"Don't
Look Now..."
a GundamWing
fanfic
by the Princess
**WARNING--the following hints at yaoi, might have foul language, and has no socially redeeming values whatsoever...**
One night, after an accomplished mission...
"Lessee...mindless death, depraved violence, blood and gore, and the good guys win out..." As Duo catalogued the events of the night, he counted them out on his fingers. He glanced at the others with a rakish grin. "Sounds like a party in the making to me!!"
"I'm tired and I want to go to bed," Quatre muttered crankily, rubbing his eyes. "It's too late to do any partying tonight."
"But..." Hiro, Trowa and Quatre all entered the safehouse, doing everything in their power to ignore Duo as he ran behind them, pleading his case. "But...but...but tomorrow, we'll have another assignment, and then no one will want to do *anything*! Come on, I got a bottle of sake for tonight, and you're gonna tell me that it's all going to go to waste?"
"Exactly," Hiro growled. "Go to bed."
The other three all went off to their separate rooms, leaving poor Duo in the dust. He wandered into the kitchen, talking to himself as he went. "That's just not fair! I actually spend good money on good wine, and for what? Nothing! Those guys need to get a friggin life! They need to learn to loosen up every once in a while. There are some things in life that are more important than sleep!" He flipped open one of the kitchen cabinets, and put his hand in, searching blindly for the sake. When his fingers didn't find it, he stared into the cabinet confusedly, then started a thorough search of the kitchen.
It turned up nothing.
He worriedly started thinking of where it could have gone. He had every intention of getting liquored up that night, but it'd be hard if he didn't have anything to get smashed with. "The only person in the house all night would be Wufei, 'cuz he had that date with Treize and couldn't make it on the mission tonight," he thought out loud. "But Wufei hasn't gotten plastered for as long as I've known him. His queue's way too tight. And I think Relena was supposed to pop over with something or other, but what would she be doing, looking in the kitchen for my sake?" Frustrated and disappointed, Duo left the kitchen, muttering to himself.

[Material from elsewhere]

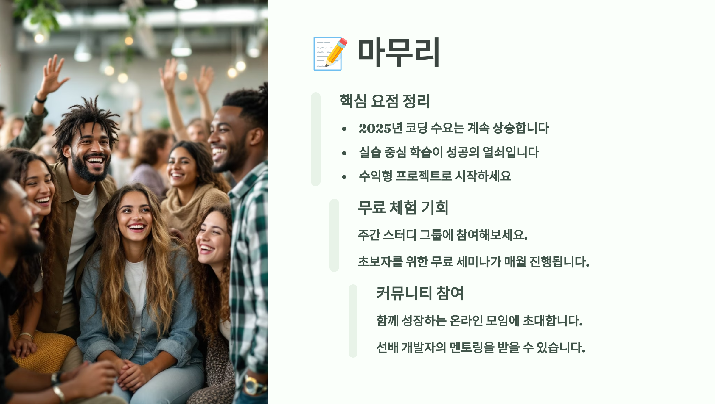 지금 이 글을 읽는 당신이 만약 “나는 개발 쪽은 영 소질 없어…”라고 생각했다면, 오히려 지금이 기회예요. 과거보다 훨씬 쉬운 도구들과 친절한 강의들이 넘쳐나니까요. 🤗

He glanced up as he passed into the hallway leading to the upstairs bedroom, and noticed that Hiro, Trowa and Quatre were all in a pile against the walls next to the stairs. Hiro was swearing viciously and trying to get his leg out from under Trowa's backside. Trowa's bangs had gotten caught in Quatre's belt, and his struggles to pull free made for an amusing picture. Quatre was squished up against the wall with the weight of the other two bearing him down. He was squealing for air like a stuck pig.
Duo started to say, "What're you guys doing in a pile on the floor?" but he suddenly found himself sliding across the floor very fast. It had been waxed to the point where it gave no resistance to his feet. He lost his balance and fell, but kept right on zipping across the floor on his gachooon, screaming about his broken butt-bone. He crashed right into the pile of pilots, just as Trowa got his bangs out of Quatre's belt and Hiro had freed his leg, and everyone got tangled together even worse.
"F*CK!" Hiro screamed.
"My nose is bleeding--" Quatre whined.
"Those're the family jewels you're squishing there, Trowa!" Duo squeaked.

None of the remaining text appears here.